Department of Internal Medicine, Loyola University Medical Center, 2160 S, 1st Avenue, Maywood, IL, 60153, USA.
Department of Public Health Sciences, Loyola University Medical Center, Maywood, IL, USA.
Dig Dis Sci. 2020 Jun;65(6):1669-1678. doi: 10.1007/s10620-019-05890-2. Epub 2019 Oct 23.
Racial/ethnic disparities in prognosis have been reported in patients with hepatocellular carcinoma (HCC); however, few studies have evaluated racial/ethnic disparities in the context of insurance status.
Characterize racial/ethnic and insurance status in early tumor detection, receipt of curative therapy and overall survival in a multicenter diverse cohort of HCC patients from the USA.
We included patients with HCC diagnosed between June 2012 and May 2013 at four centers in the USA. Generalized linear mixed effects models were used to compare early tumor detection (defined using Milan Criteria) and curative treatment receipt (liver transplantation, surgical resection, or local ablation) as a function of patient race/ethnicity and insurance status. A multivariable frailty survival model was used to compare risk of death between patient groups.
Of 379 HCC patients (52.8% non-Hispanic White, 19.5% Hispanic White, 19.8% Black), 46.4% and 48.0% were found at an early stage and underwent curative therapy, respectively, and median overall survival of the cohort was 25.7 months. Early detection of HCC was associated with gastroenterology subspecialty care and receipt of HCC surveillance but not race/ethnicity or insurance status in adjusted models. However, commercial insurance was significantly associated with higher odds of curative treatment receipt, which in turn was the strongest correlate for overall survival. After adjusting for health system and insurance status, race/ethnicity was not associated with curative treatment receipt or overall survival.

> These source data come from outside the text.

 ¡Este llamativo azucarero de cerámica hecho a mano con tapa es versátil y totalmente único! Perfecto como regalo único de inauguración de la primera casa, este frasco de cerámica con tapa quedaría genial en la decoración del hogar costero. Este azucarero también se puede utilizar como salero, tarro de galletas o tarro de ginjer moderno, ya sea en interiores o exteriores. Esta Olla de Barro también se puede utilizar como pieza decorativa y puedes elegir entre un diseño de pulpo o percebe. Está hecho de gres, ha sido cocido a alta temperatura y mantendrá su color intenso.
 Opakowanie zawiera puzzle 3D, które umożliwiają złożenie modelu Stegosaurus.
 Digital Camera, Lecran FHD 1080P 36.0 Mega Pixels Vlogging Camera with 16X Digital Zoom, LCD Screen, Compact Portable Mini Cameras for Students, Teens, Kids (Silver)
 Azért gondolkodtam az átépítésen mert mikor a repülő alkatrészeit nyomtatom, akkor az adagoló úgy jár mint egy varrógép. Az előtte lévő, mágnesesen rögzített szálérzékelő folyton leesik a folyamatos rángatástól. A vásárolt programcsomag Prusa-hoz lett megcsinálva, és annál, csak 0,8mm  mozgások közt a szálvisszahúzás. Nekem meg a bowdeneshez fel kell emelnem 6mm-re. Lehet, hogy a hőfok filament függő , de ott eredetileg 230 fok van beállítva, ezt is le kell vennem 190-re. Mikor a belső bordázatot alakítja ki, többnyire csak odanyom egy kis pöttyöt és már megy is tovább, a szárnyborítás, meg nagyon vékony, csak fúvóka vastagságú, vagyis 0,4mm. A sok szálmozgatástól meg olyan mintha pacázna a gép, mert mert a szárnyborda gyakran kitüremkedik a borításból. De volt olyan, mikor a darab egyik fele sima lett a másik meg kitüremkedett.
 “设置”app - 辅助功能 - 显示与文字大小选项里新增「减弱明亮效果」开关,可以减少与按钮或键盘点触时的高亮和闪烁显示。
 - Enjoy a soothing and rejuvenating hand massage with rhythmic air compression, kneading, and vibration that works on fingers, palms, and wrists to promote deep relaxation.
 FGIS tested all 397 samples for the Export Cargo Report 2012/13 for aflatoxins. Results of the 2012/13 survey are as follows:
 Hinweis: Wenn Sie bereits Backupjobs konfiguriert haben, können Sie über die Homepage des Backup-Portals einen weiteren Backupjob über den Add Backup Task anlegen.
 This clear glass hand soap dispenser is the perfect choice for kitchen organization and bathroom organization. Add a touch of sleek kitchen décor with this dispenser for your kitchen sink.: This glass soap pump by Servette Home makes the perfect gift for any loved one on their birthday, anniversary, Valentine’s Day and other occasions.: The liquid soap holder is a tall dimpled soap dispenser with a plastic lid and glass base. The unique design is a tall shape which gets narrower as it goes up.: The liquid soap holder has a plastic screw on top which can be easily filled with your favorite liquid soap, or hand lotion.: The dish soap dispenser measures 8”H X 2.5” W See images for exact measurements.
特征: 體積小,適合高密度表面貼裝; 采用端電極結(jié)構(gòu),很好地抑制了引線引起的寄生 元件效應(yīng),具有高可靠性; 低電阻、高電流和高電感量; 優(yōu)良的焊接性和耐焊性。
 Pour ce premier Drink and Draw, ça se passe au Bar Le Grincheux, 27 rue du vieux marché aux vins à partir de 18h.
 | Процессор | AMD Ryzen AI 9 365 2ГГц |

Insurance status and access to gastroenterology subspecialty care may be important drivers of racial/ethnic disparities in prognosis among HCC patients.
肝细胞癌(HCC)患者的预后存在种族/民族差异;然而,很少有研究在保险状况的背景下评估种族/民族差异。
描述美国多中心多样化 HCC 患者人群中种族/民族和保险状况与早期肿瘤检测、接受根治性治疗和总体生存的关系。
我们纳入了在美国四个中心于 2012 年 6 月至 2013 年 5 月间诊断为 HCC 的患者。采用广义线性混合效应模型比较了患者种族/民族和保险状况与早期肿瘤检测(根据米兰标准定义)和根治性治疗(肝移植、手术切除或局部消融)之间的关系。采用多变量脆弱性生存模型比较了不同患者组的死亡风险。
在 379 名 HCC 患者中(52.8%非西班牙裔白人、19.5%西班牙裔白人、19.8%黑人),分别有 46.4%和 48.0%在早期阶段发现并接受了根治性治疗,队列的中位总生存期为 25.7 个月。在调整后的模型中,HCC 的早期检测与胃肠病学亚专科治疗和 HCC 监测的实施有关,但与种族/民族或保险状况无关。然而,商业保险与接受根治性治疗的可能性显著相关,而根治性治疗又是总体生存的最强相关因素。在调整了卫生系统和保险状况后,种族/民族与接受根治性治疗或总体生存无关。
保险状况和获得胃肠病学亚专科治疗可能是 HCC 患者预后种族/民族差异的重要驱动因素。